ソラベは姉がかかえた小さな酒樽を見て「あ、ね、それ姉さん、わたしが宿まで運ぼうか………?」と、申し出た。
「ううん、これはわたしの役目。あなたは、あなたの役目があるんでしょ」
そういって、微笑んで続けた。
「でも、わたしが、ほんとうにあぶなくなったら、助けてね、期待しちゃう」
そして、ソラベは細い腕で小さな酒樽を抱え、宿へ戻る姉をそこから見送っていた。
まさか、彼女がリンジーの妹とは。
おれは思わぬ事実に小さく驚いていると、横でギリアームが、感情が高まった様子で「し……しまい………お……おたがいをおもう………や……やさしさ……………すてきじゃないか………すてきじゃないか………っ」と、つぶやき、涙ぐんでいた。
なんだろ。
このふたりが信用できるか、否かはさておき。心配になってきた。
むろん、竜母、なるものの件は、気になって、気になって、おれのなかで黒く渦巻いている。

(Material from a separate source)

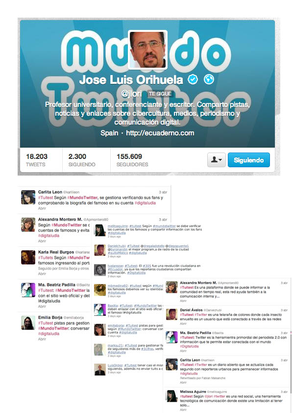 Nada mejor que la experiencia para fijar el conocimiento. Por eso, Twitter se aprende tuiteando. Sin embargo, siempre hace falta partir de un marco teórico y qué mejor referencia que la de un libro insignia como Mundo Twitter, del maestro José Luis Orihuela. En ese contexto, conjugando las dos dimensiones, me lancé a proponer a mis estudiantes de Periodismo de la UDLA, un ejercicio un tanto arriesgado. Se trató de un #Tuitest para el que acordamos las siguientes reglas: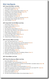 Autodesk Users Group International (AUGI) which is an independent user group of hundreds of thousands of Autodesk product users has a product wish list system. The latest submitted wish list items are now live and ready for you to vote on. The completed wish lists are provided to the Autodesk product teams for consideration in future releases and carries a great deal of importance and priority with the teams.

はじめて聞いた言葉だったし、まだ言葉だけしか聞いていない。それでも、その言葉を見逃せなかった
けれど、なにかその響きの末端に、最悪の気配がある。
ソラべが戻って来ると、おれはふたりへ告げた。
「おれも連れてってくれ、その次元」
おそらく、生まれて初めて言った、文章だった。